Возвышенная любовь приводит — по крайней мере, мне так кажется (я становлюсь все более осторожным в вопросах причины и следствия) — к возрастанию моей роли в АМС. Я говорю «роли», так как медицина вовлекает вас в некий общекультурный спектакль: жесты, ритмичные взмахи, властные телодвижения. Это в порядке вещей. Обществу это нравится. Я уступил уютную комнатку на задах более пожилому коллеге и теперь кручусь главным образом в смотровых кабинетах. Теперь я занимаюсь не только стариками. Женщинами и детьми тоже. Даже младенцами. Как будто нельзя было обойтись без младенцев. Вообще Тод, по-моему, не так боится их здесь, как дома (дома, в пижаме, устало шаркая шлепанцами). Младенцев приносят или привозят, и они неплохо себя чувствуют, ты смотришь на них и говоришь что-нибудь вроде: «Этот паренек в полном порядке». И каждый раз страшно ошибаешься. Постоянно. Через день-два малыш вернется с покрасневшим ухом или заходясь от крупа. И ты палец о палец не ударишь, чтобы ему помочь. Наверное, главная задача при этом — сохранять достоинство, продолжая заниматься своим делом.

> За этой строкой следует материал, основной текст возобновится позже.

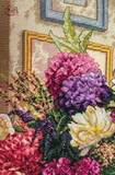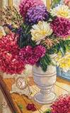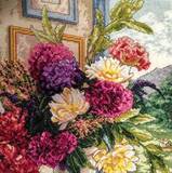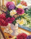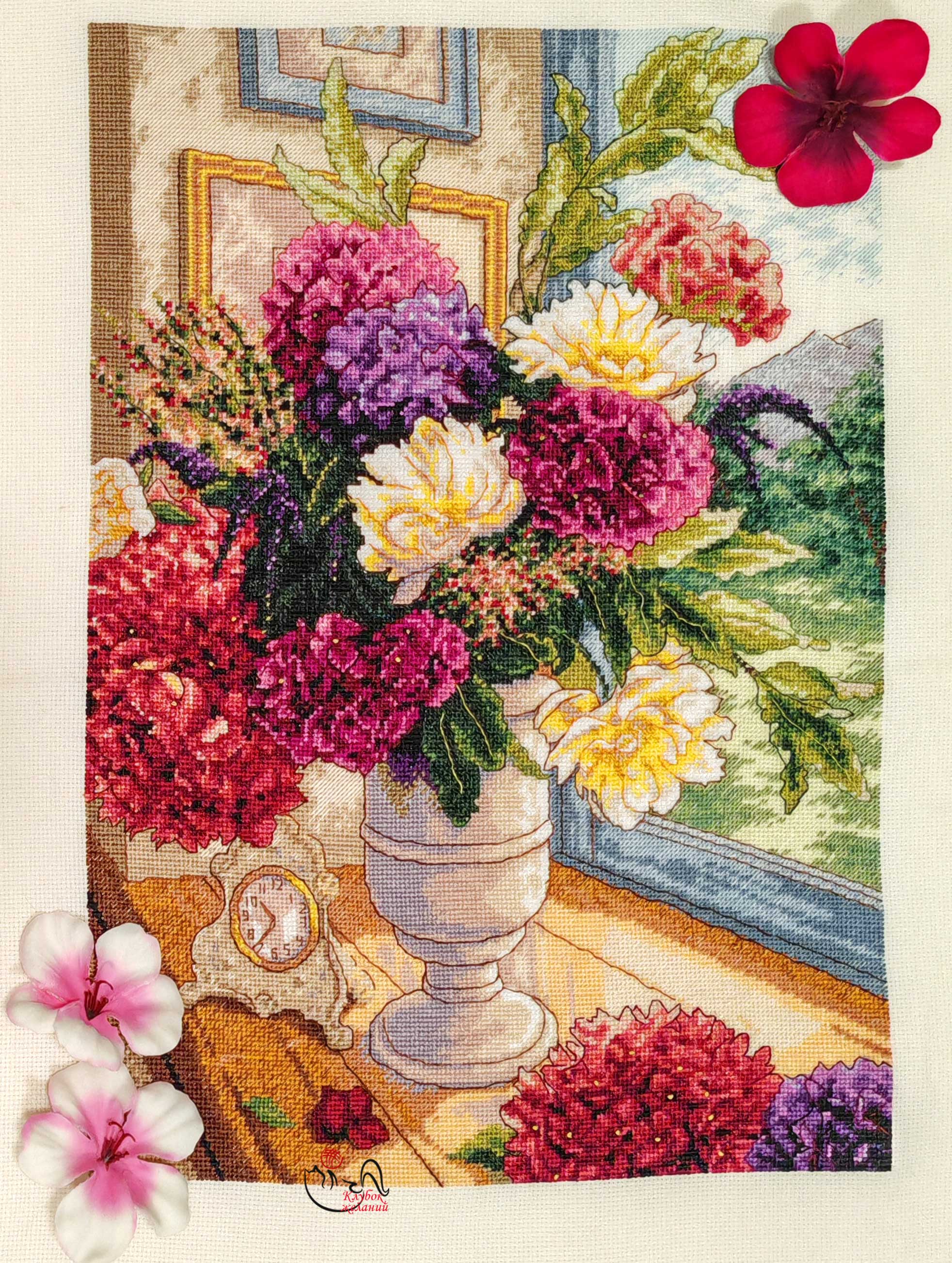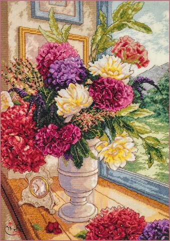 Вышитая картина: Яркая и по-настоящему летняя картина. На подоконнике, ярко освещенном солнечными лучами, стоит букет летних цветов. Ярко и пышно раскрылись соцветия пионов, хризантем, в обрамлении пышной зелени. За окном- зеленая долина, холмы и высокое голубое небо. Белая элегантная ваза и старинные чудесные часики. Посмотрите, они показывают утро – половина одиннадцатого. Возможно, в этой комнате залучала музыка, играли на рояле. Все напоминает о добрых старых временах. Используется 41 цвет мулине. Ручная вышивка.

Кроме того, бывают случаи, когда человеческая плоть странным образом сочетается с рукотворным стеклом и металлом. Ну и кровь, конечно, хлещет. Вот тут уж меня действительно рвать тянет, но до настоящих ужасов дело не доходит, потому что, как говорят мои коллеги, наш уровень в медицине и биологии — мелкая штопка и латание: серьезные случаи мы получаем в большой спешке из городских больниц и в свою очередь стараемся как можно быстрее от них избавиться. Так что увечные и искалеченные здесь не задерживаются. Да, мы тут, на Шестом шоссе, в АМС, неплохо устроились. Неудивительно, что люди иногда начинают прямо с жалобы по инстанциям или даже судебной повестки. Что до вызовов на дом, то мы отказываем по телефону, даже не выслушав просьбы, — до того, как в трубке прозвучат материнский страх и детский плач. Мы говорим, что это не наш профиль. Если хотите, чтобы вас изуродовали, загляните к нам сами. Цены у нас доступные. И много времени это не займет.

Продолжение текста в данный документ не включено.